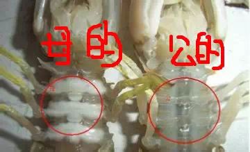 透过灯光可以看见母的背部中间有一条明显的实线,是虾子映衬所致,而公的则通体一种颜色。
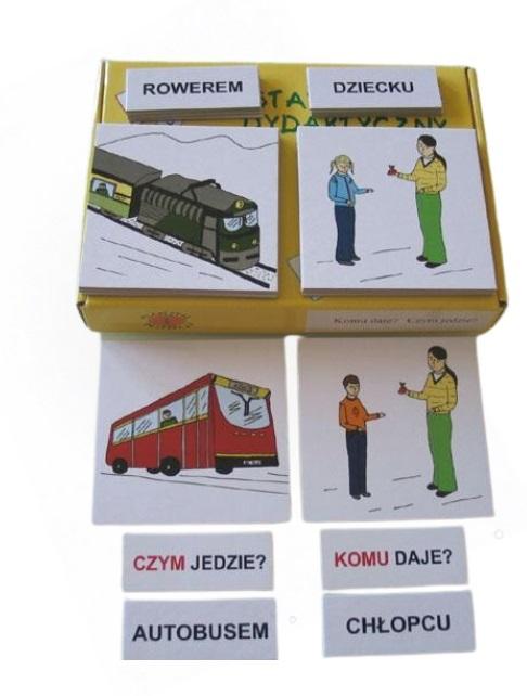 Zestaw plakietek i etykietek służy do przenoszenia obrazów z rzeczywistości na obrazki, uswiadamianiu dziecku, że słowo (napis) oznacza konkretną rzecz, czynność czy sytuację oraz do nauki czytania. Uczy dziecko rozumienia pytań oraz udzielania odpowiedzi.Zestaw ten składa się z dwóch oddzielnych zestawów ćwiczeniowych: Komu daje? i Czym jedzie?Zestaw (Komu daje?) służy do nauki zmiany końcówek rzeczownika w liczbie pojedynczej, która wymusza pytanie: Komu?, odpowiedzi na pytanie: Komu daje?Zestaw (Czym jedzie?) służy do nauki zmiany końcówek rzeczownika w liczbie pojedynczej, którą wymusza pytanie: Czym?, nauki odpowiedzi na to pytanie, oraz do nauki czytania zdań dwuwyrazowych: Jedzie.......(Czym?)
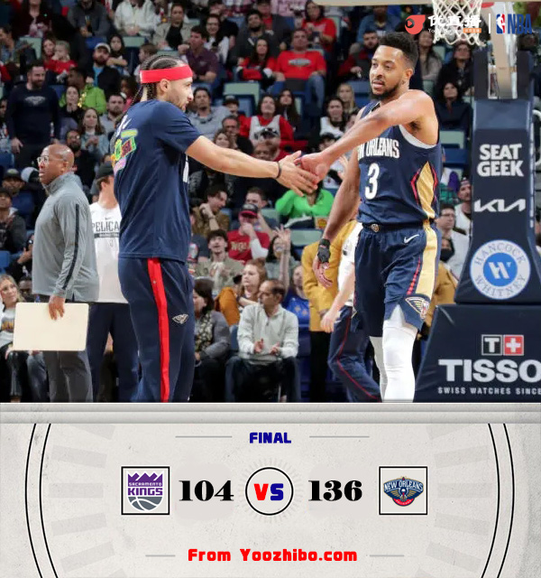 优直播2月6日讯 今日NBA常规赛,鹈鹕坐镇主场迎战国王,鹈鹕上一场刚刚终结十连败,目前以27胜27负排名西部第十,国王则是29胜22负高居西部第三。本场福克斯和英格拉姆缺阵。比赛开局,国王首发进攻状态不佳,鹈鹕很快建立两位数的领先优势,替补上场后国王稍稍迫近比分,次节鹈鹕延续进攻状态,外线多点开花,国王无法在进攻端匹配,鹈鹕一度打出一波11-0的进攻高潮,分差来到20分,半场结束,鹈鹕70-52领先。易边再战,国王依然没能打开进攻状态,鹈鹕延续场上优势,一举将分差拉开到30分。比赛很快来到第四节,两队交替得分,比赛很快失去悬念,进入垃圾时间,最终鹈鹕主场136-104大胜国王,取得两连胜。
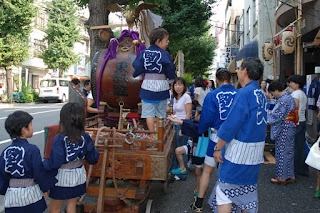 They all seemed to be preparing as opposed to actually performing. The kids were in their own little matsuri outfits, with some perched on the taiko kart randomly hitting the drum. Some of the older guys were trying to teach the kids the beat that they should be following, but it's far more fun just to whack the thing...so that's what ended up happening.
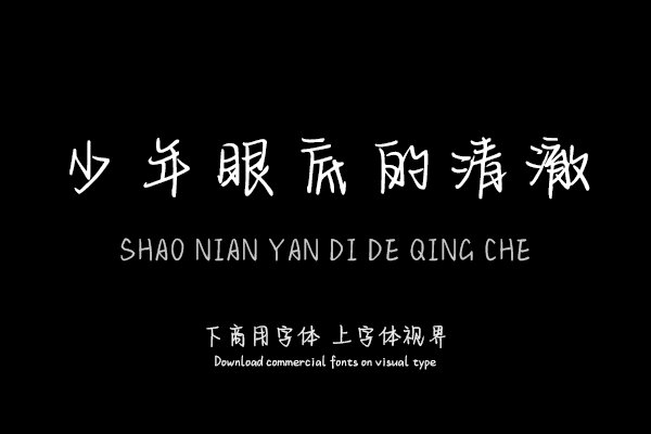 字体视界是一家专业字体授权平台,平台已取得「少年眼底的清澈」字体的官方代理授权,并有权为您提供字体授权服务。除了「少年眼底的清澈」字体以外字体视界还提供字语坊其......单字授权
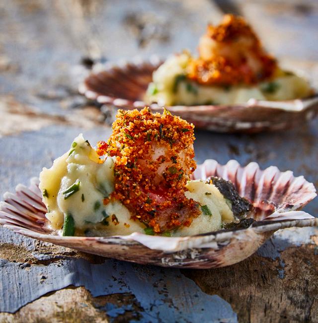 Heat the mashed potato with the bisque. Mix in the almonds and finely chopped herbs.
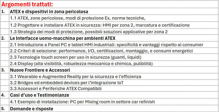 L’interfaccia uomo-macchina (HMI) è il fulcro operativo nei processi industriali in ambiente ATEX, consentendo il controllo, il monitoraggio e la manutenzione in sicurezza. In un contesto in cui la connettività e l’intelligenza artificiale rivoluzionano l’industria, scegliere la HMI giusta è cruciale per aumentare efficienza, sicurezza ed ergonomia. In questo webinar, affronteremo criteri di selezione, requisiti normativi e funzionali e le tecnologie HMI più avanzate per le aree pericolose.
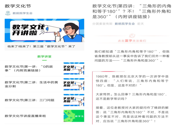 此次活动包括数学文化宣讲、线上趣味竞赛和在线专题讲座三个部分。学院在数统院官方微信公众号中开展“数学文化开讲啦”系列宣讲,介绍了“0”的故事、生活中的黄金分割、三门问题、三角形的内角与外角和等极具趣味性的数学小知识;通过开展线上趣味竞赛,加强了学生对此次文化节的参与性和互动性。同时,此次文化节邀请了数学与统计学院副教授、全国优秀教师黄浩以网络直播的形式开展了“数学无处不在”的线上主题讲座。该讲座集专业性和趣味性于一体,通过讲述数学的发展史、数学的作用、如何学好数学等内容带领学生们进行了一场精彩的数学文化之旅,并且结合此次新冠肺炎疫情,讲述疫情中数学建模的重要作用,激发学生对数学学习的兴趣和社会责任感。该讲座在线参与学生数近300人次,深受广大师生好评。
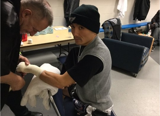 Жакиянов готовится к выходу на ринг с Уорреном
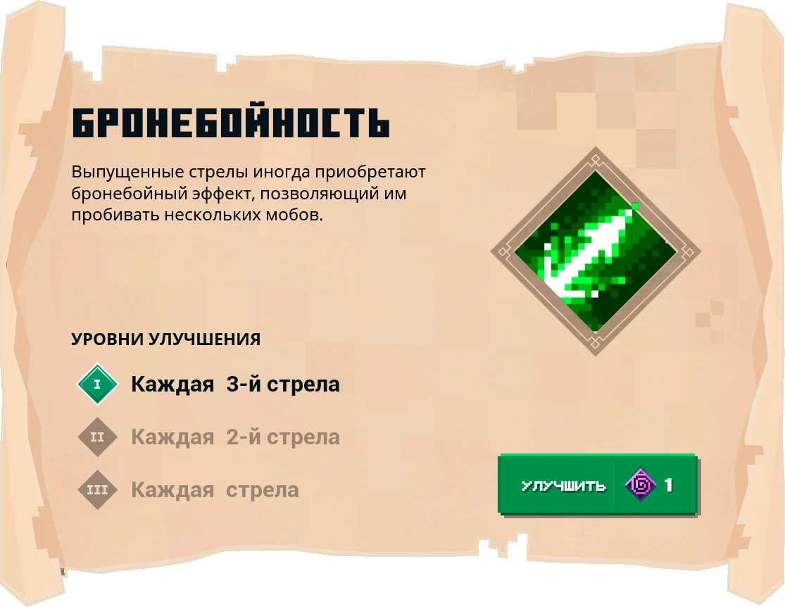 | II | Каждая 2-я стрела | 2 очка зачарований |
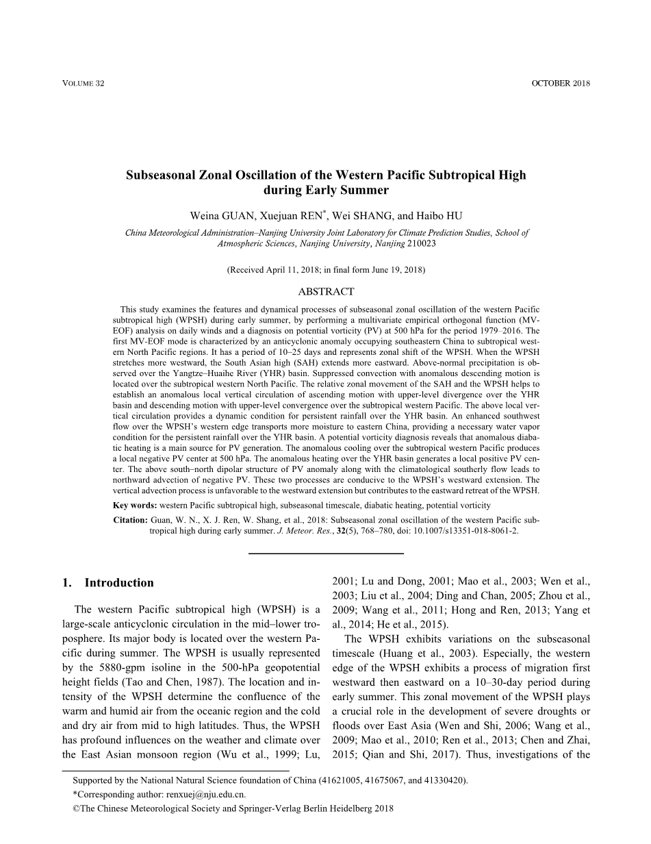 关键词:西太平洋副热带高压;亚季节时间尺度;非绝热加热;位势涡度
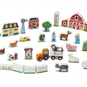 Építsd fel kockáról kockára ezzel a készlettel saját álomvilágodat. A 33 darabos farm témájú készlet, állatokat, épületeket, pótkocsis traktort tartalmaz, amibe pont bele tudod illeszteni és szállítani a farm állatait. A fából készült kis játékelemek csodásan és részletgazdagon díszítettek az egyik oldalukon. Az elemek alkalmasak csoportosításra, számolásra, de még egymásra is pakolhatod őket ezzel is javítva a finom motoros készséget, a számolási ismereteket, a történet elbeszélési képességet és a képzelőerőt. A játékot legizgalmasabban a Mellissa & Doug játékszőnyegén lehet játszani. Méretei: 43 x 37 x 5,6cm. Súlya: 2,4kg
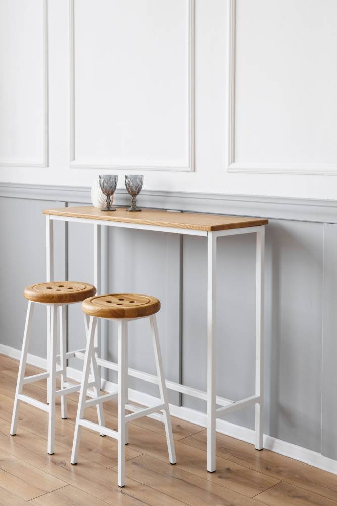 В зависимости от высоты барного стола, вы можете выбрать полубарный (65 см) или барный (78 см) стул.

***

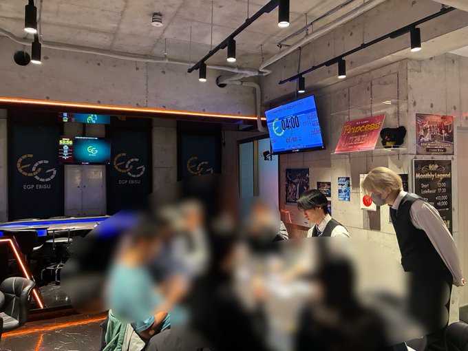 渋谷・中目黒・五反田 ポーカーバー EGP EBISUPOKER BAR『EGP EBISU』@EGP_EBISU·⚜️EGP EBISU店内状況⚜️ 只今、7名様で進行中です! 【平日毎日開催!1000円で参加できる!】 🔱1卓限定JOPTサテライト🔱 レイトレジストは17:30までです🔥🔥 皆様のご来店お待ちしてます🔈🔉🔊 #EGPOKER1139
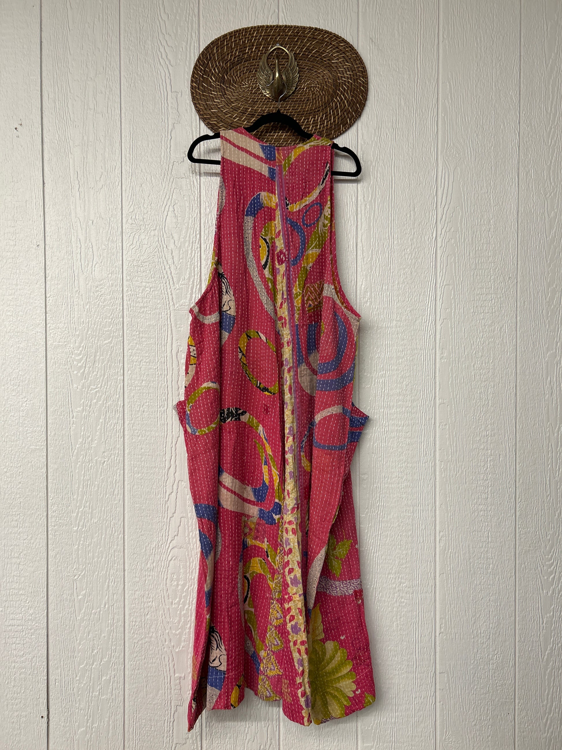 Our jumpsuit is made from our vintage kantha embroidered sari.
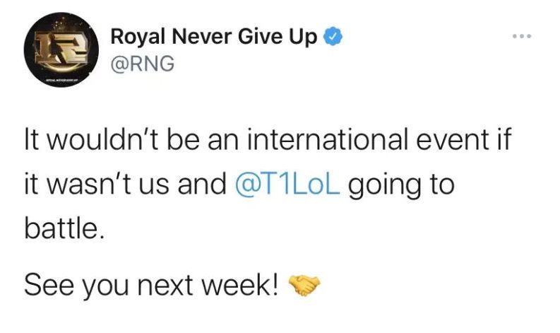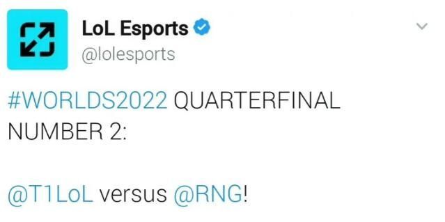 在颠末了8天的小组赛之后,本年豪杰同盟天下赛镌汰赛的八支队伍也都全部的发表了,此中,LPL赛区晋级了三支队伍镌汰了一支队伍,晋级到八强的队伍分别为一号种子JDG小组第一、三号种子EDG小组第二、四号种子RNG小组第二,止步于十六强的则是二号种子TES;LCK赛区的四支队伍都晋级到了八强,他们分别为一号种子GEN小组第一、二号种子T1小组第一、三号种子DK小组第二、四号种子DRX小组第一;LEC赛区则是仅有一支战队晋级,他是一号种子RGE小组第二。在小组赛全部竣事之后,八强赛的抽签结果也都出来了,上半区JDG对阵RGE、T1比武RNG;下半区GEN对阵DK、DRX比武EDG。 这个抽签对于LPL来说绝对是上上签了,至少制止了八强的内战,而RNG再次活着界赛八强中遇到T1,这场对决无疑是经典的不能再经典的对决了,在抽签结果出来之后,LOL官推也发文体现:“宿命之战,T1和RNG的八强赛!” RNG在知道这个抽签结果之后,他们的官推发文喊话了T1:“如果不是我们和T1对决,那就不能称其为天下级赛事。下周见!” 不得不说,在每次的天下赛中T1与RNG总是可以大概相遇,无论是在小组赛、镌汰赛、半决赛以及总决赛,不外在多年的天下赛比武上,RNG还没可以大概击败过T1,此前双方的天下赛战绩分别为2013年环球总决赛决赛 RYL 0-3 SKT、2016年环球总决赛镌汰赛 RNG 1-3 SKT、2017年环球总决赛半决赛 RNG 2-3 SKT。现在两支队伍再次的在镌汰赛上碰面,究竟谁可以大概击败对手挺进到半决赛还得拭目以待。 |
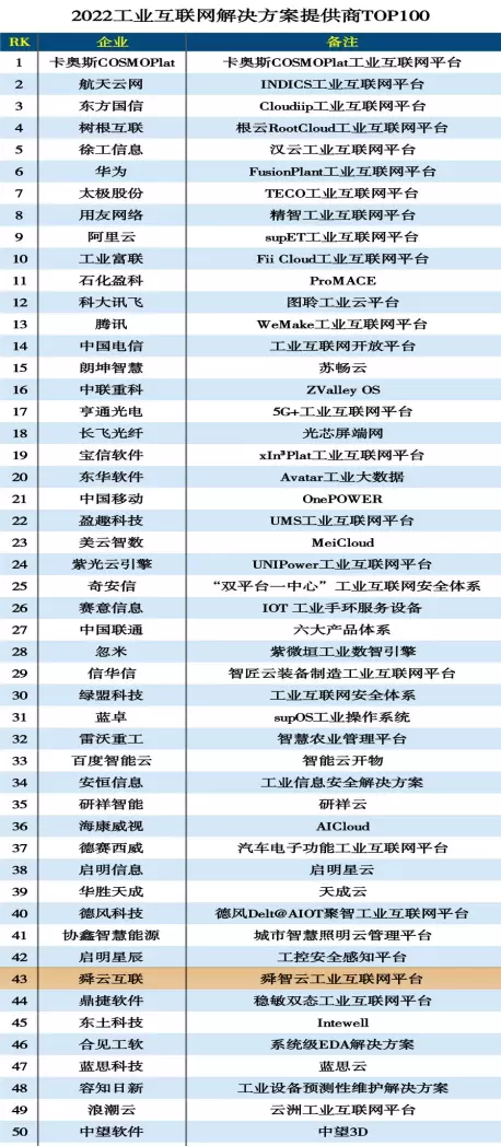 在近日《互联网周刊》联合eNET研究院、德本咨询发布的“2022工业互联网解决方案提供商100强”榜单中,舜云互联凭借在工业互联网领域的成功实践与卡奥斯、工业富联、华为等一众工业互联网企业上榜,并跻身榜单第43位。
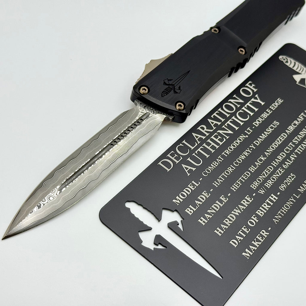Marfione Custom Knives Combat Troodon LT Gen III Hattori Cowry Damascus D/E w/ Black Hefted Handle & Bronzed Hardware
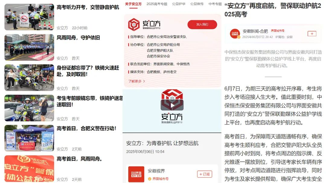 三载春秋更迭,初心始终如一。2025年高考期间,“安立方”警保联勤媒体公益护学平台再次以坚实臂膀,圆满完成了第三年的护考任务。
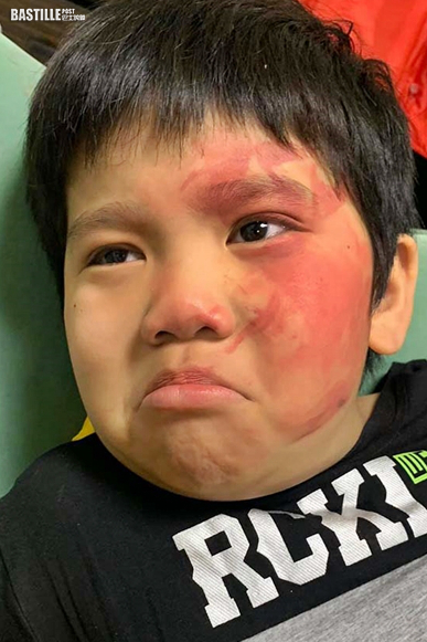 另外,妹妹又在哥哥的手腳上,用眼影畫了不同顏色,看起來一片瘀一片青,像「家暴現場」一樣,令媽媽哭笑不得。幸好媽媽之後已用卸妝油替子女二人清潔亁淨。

***

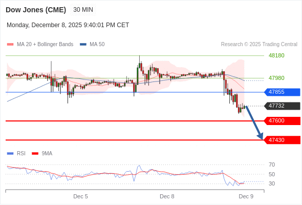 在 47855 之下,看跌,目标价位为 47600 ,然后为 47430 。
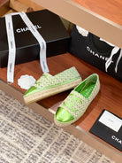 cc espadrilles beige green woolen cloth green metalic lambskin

***

[Your assignment]:
Take the material above from the line bearing "Heat the mashed" through the line bearing "L’interfaccia uomo-macchina (HMI)" and write it out exactly, both end lines included. Pictures stay out.

[Result of the exercise]:
 Heat the mashed potato with the bisque. Mix in the almonds and finely chopped herbs.
 L’interfaccia uomo-macchina (HMI) è il fulcro operativo nei processi industriali in ambiente ATEX, consentendo il controllo, il monitoraggio e la manutenzione in sicurezza. In un contesto in cui la connettività e l’intelligenza artificiale rivoluzionano l’industria, scegliere la HMI giusta è cruciale per aumentare efficienza, sicurezza ed ergonomia. In questo webinar, affronteremo criteri di selezione, requisiti normativi e funzionali e le tecnologie HMI più avanzate per le aree pericolose.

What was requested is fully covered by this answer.